Populating the interactive namespace from numpy and matplotlib






    



WARNING: pylab import has clobbered these variables: ['random', 'log']
`%matplotlib` prevents importing * from pylab and numpy



In [6]:

    
data = np.concatenate( (np.random.randn(250, 1) * 2.75 + 1.25, np.random.randn(500, 1) * 1.2 + 7.85) )
np.random.shuffle(data)
plt.hist( data, edgecolor='c', color='c', bins=20 )









    Out[6]:





(array([   1.,    0.,    0.,   10.,   13.,   28.,   26.,   30.,   38.,
          28.,   21.,   21.,   21.,   20.,   85.,  149.,  151.,   77.,
          27.,    4.]),
 array([ -7.30907852,  -6.36311627,  -5.41715401,  -4.47119176,
         -3.5252295 ,  -2.57926725,  -1.633305  ,  -0.68734274,
          0.25861951,   1.20458177,   2.15054402,   3.09650628,
          4.04246853,   4.98843078,   5.93439304,   6.88035529,
          7.82631755,   8.7722798 ,   9.71824206,  10.66420431,  11.61016656]),
 <a list of 20 Patch objects>)

We can create our initial estimate of what this distribution is a General Mixture Model. This is a model which is comprised of multiple distributions, and weights on those distributions representing the prior probability of a point falling under that distribution given no knowledge of the point itself (defaults to equal). We can have univariate mixture models by using univariate distributions, or multivariate distributions by using multivariate distributions.

Gaussian Mixture Models



In [7]:

    
d = GeneralMixtureModel( [NormalDistribution(2.5, 1), NormalDistribution(8, 1)] )
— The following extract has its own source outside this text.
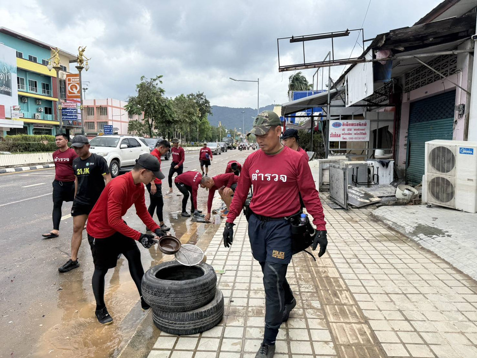 ทั้งนี้ ขณะนี้ในหลายพื้นที่ของ อ.หาดใหญ่ ระดับน้ำเริ่มลดลงแล้ว แต่ยังมีหลายจุดที่ประชาชนยังขาดแคลนอาหารและน้ำดื่ม ผู้บัญชาการตำรวจภูธรภาค 9 ได้กำชับให้ทุกหน่วยงานเร่งจัดส่งถุงยังชีพ อาหาร และน้ำดื่ม เข้าไปถึงในจุดที่ขาดแคลนให้เร็วที่สุดเท่าที่จะทำได้ เพื่อบรรเทาความเดือดร้อนเบื้องต้นของประชาชน โดยมีโรงครัวชั่วคราวของตำรวจจัดทำข้าวกล่องวันละมากกว่า 1,500 กล่อง ส่งเข้าพื้นที่แต่ยังไม่เพียงพอ อย่างไรก็ตาม หลายภาคส่วนช่วยกันจัดทำและส่งให้ผู้ประสบภัย ขณะเดียวกันถนนบางสายในหาดใหญ่ใช้การได้แล้วหลังน้ำลด แต่มีรถจอดคา และเศษสิ่งของกีดขวาง ถนนชำรุด วันนี้ตำรวจภูธรภาค 9 ระดมตำรวจลงพื้นที่จัดการรถและของที่กีดขวาง เพื่อเปิดการจราจรถนนเพชรเกษม

We can now predict the class labels of each point under this mixture.



In [8]:

    
labels = d.predict( data )
print labels[:5]
print "{} 1 labels, {} 0 labels".format( labels.sum(), labels.shape[0] - labels.sum() )









    



[1 1 1 1 0]
507 1 labels, 243 0 labels

This is fairly close to the number of underlying points from each distribution, off by 17 in each label. We still don't know if the labels are accurate, just the number of labels.



In [9]:

    
plt.hist( data[ labels == 0 ], edgecolor='r', color='r', bins=20 )
plt.hist( data[ labels == 1 ], edgecolor='c', color='c', bins=20 )









    Out[9]:





(array([  9.,   8.,  20.,  29.,  36.,  48.,  46.,  54.,  61.,  53.,  40.,
         35.,  21.,  16.,  15.,  11.,   1.,   2.,   1.,   1.]),
 array([  5.33097483,   5.64493442,   5.95889401,   6.27285359,
          6.58681318,   6.90077277,   7.21473235,   7.52869194,
          7.84265153,   8.15661111,   8.4705707 ,   8.78453029,
          9.09848987,   9.41244946,   9.72640904,  10.04036863,
         10.35432822,  10.6682878 ,  10.98224739,  11.29620698,  11.61016656]),
 <a list of 20 Patch objects>)

It is slightly more difficult to update the underlying components of the model because we don't have labels indicating which point came from which distribution. We could try to use the labels inferred from the model. It seems to cleanly split it, but what if our initial estimate was not very good? It could be difficult to get a good update if we had a bad prior.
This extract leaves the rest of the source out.